When you want to apply for credit, it is essential to become aware of your ability to borrow because it is one of the criteria that will determine the decision of a lender to grant you or not a bank loan.
What is borrowing capacity?
Borrowing capacity determines the ability of a person to apply for a loan based on their income as well as their monthly expenses. Generally, the lenders consider that the monthly payments of a credit can not exceed a third of the incomes of a home. Beyond that, getting a loan may become very difficult because if the monthly charges are already too high, the repayment of a loan could lead to over-indebtedness. Borrowing capacity can be used to determine the maximum amount of monthly payments an individual can afford, the amount of the loan and the length of the loan that can be requested.

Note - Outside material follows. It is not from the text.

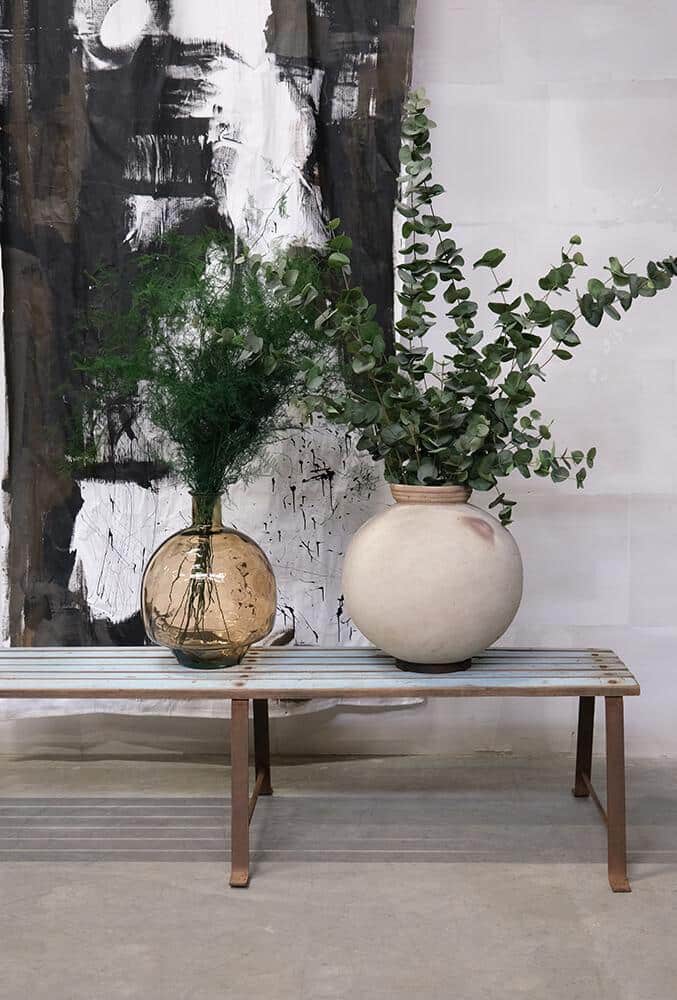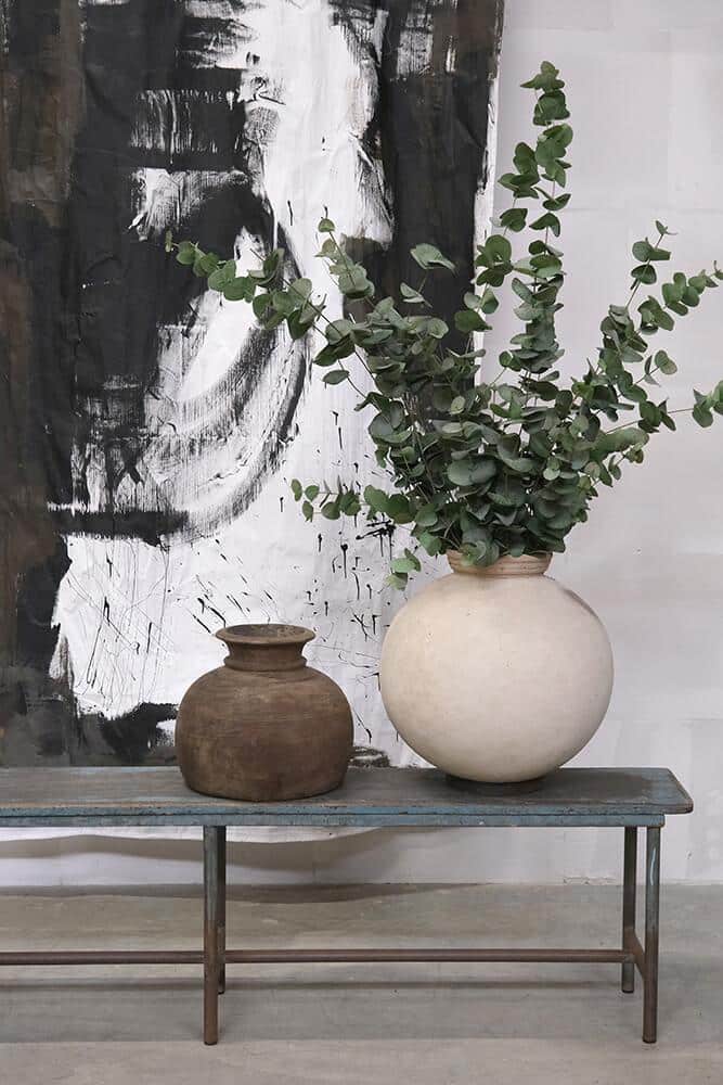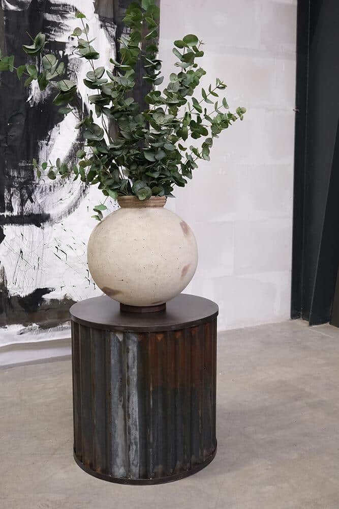 Dette er den største Dali lerkrukke med en højde på 44 cm. Den ru, lyse overflade og den enkle form giver et organisk udtryk, mens jernringen i bunden sørger for stabilitet. Brug den som et dekorativt element eksempelvis med tørrede blomster. Krukken fås i to mindre størrelser – og husk, den tåler ikke frost.

The calculation of borrowing capacity is the basis of any credit granting. It allows to know the capacity of a person to repay his monthly payments while avoiding a situation of overindebtedness. This makes it possible to determine the total sum that he will be able to borrow.
The debt ratio
The debt ratio is the share of a household’s income that is used to repay loans, whether it is a consumer loan or real estate loans. The debt ratio that should not be exceeded, defined and monitored by most lenders is 33%. This is not a regulatory rate but it is of common use. Indeed, a person will have a hard time accessing credit if their debt ratio exceeds this threshold because the lenders consider that this would present a risk of excessive repayment. However, the study of a borrower’s file is not done not only on the basis of the debt ratio but also on his personal profile as well as his remainder to live. It should be noted that access to credit could be facilitated for some people with a debt ratio higher than 33%, if they have a comfortable income and a high level of living. On the other hand, less regular or more modest income could lead to a refusal to grant a loan, even if the debt ratio is less than 33%.
The rest to live
The remainder to live is the main indicator of the standard of living of a home and thus makes it possible to evaluate its borrowing capacity. It corresponds to what a household has to live each month, after having paid all its fixed expenses. The calculation of the remainder to live is a simple operation where it is enough to subtract the fixed charges to the income of a household (on a one-month basis). Expenses will include all regular and incompressible expenses. The income, meanwhile, will refer to all the money coming into the family wallet.
The remaining amount is used to estimate the amount of money that can be spent on repaying a loan and thus the additional debt that a household can commit to. There is no reference living remains, everything will depend on the level of income. However, the lower the income of a household, the more important it becomes to maintain a significant living income.
How to perform a loan capacity simulation?
Many sites offer simulation tools to estimate your borrowing capacity. To use it and to estimate at best the amount that you will be able to borrow, it is essential first of all, to take stock of your situation. To begin, note that to access credit, whatever it is, it is always more advantageous to be in a stable financial situation. For example, if you are a permanent employee for several years, within the same company, you will be more likely to obtain a favorable response for your credit application than if you work in fixed-term or temporary for example . It is the same if your banking situation is stable and you have never had problems with your bank.
Before you do a simulation of your borrowing capacity
You will also have to take stock of your resources and gather all the necessary documents to do so. The resources of your household can include wages, rental income, commercial and industrial but also non-commercial benefits, pensions received, various allowances and other income.Then you will also have to add up the different monthly expenses that you have to pay such as rents paid, housing expenses, pensions paid, credits that you already have in progress as well as any other recurring charges.
With all this data, you will not only be able to get your monthly borrowing capacity but also your debt ratio as well as your remaining livelihood. By reading this information, it will be easier for you to better define your project and thus know the amount that you will be able to borrow.